**Collected data**
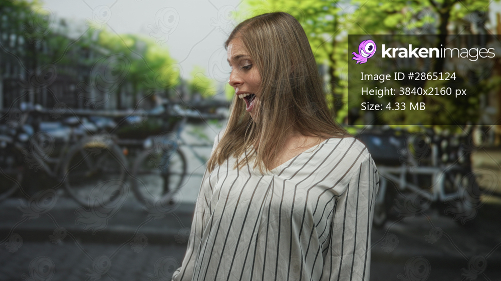 Woman hands to cheeks smiling on sunlit street in amsterdam canal area wearing striped blouse and watch; surprise travel moment.
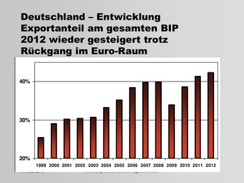Der Exportanteil am BIP ist angestiegen auf 40% bis zur Krise, im Krisenjahr 2009, wo man auch in Deutschland diesen Eindruck einer Krise stärker, eindeutig hatte, und ist 2012 noch mal trotz Stagnation gesteigert worden – im Inland ist es sogar zurückgegangen. Also in Summe wird das ganze weiterhin getragen vom Export. Das hat man schon oft festgestellt, aber warum ist das so? Was verbirgt sich eigentlich hinter diesem Export? Dem bin ich mal nachgegangen.
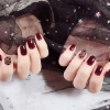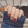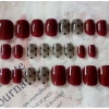 24pcs Wine Red Dots Pattern False Nail Art Tips Full Cover Fake Nails With Glue

**Aim of the task**
Output the data verbatim, images excluded.

**Answer box**
 Woman hands to cheeks smiling on sunlit street in amsterdam canal area wearing striped blouse and watch; surprise travel moment.
Der Exportanteil am BIP ist angestiegen auf 40% bis zur Krise, im Krisenjahr 2009, wo man auch in Deutschland diesen Eindruck einer Krise stärker, eindeutig hatte, und ist 2012 noch mal trotz Stagnation gesteigert worden – im Inland ist es sogar zurückgegangen. Also in Summe wird das ganze weiterhin getragen vom Export. Das hat man schon oft festgestellt, aber warum ist das so? Was verbirgt sich eigentlich hinter diesem Export? Dem bin ich mal nachgegangen.
 24pcs Wine Red Dots Pattern False Nail Art Tips Full Cover Fake Nails With Glue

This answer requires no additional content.